EXERCISE INSTRUCTIONS. Look through the data below for the line with "初日はお天気が良くて気温も割" and the line with "一进入幼儿园,队员们就受到了", then output those two and all lines in between, exactly as written.

DATASET RECORDS.
<<<<
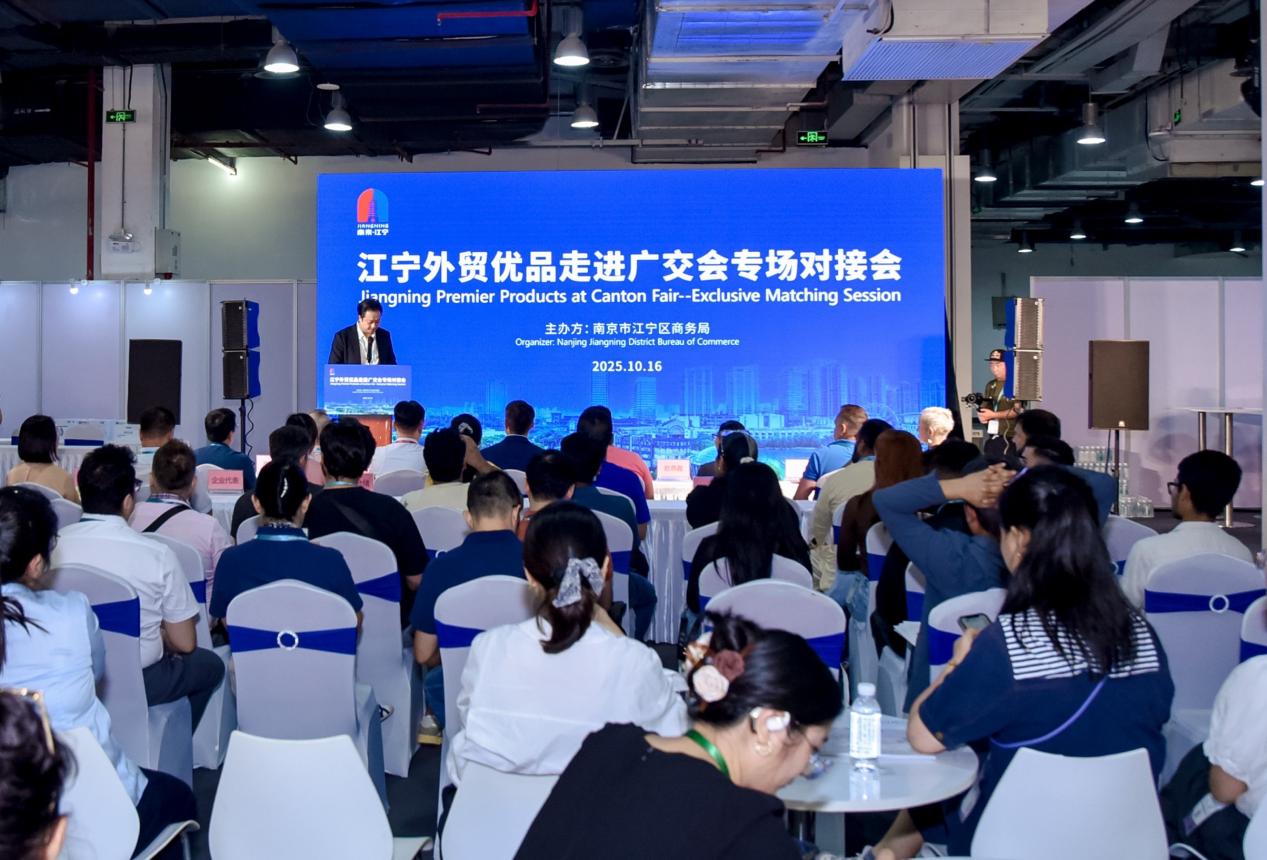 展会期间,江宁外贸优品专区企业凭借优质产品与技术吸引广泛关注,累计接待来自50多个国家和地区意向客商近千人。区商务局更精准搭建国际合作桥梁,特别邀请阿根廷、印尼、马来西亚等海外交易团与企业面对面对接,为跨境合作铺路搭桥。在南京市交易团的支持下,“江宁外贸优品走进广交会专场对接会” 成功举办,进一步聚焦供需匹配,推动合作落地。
>>>>
<<<<
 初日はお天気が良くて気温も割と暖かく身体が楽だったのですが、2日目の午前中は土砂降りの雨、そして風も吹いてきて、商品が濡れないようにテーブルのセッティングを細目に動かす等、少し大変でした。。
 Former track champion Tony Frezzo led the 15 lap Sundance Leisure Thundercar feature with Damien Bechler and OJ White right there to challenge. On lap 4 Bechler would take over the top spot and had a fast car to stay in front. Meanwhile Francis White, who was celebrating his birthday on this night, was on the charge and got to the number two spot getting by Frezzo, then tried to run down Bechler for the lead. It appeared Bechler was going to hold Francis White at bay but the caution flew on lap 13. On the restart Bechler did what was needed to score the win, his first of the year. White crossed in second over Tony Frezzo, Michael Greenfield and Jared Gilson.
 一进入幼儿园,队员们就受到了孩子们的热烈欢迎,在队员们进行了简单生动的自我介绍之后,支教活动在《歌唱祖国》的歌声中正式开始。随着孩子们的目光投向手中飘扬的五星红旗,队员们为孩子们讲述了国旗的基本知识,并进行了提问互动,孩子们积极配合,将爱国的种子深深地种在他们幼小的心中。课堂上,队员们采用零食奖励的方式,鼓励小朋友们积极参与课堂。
>>>>
<<<<
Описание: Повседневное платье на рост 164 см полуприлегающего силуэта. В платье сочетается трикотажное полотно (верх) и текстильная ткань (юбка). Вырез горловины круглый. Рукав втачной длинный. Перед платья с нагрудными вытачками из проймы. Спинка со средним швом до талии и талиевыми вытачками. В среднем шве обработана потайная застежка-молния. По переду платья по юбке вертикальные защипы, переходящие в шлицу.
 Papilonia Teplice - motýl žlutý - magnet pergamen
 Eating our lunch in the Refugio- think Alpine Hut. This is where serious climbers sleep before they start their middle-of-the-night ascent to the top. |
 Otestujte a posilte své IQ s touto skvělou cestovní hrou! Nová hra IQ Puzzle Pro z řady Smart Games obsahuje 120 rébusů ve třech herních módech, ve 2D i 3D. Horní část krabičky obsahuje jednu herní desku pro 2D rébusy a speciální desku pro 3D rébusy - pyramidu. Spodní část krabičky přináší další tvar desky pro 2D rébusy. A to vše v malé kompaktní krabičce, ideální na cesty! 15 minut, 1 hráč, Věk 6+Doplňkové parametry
>>>>
EXPECTED OUTPUT.
 初日はお天気が良くて気温も割と暖かく身体が楽だったのですが、2日目の午前中は土砂降りの雨、そして風も吹いてきて、商品が濡れないようにテーブルのセッティングを細目に動かす等、少し大変でした。。
 Former track champion Tony Frezzo led the 15 lap Sundance Leisure Thundercar feature with Damien Bechler and OJ White right there to challenge. On lap 4 Bechler would take over the top spot and had a fast car to stay in front. Meanwhile Francis White, who was celebrating his birthday on this night, was on the charge and got to the number two spot getting by Frezzo, then tried to run down Bechler for the lead. It appeared Bechler was going to hold Francis White at bay but the caution flew on lap 13. On the restart Bechler did what was needed to score the win, his first of the year. White crossed in second over Tony Frezzo, Michael Greenfield and Jared Gilson.
 一进入幼儿园,队员们就受到了孩子们的热烈欢迎,在队员们进行了简单生动的自我介绍之后,支教活动在《歌唱祖国》的歌声中正式开始。随着孩子们的目光投向手中飘扬的五星红旗,队员们为孩子们讲述了国旗的基本知识,并进行了提问互动,孩子们积极配合,将爱国的种子深深地种在他们幼小的心中。课堂上,队员们采用零食奖励的方式,鼓励小朋友们积极参与课堂。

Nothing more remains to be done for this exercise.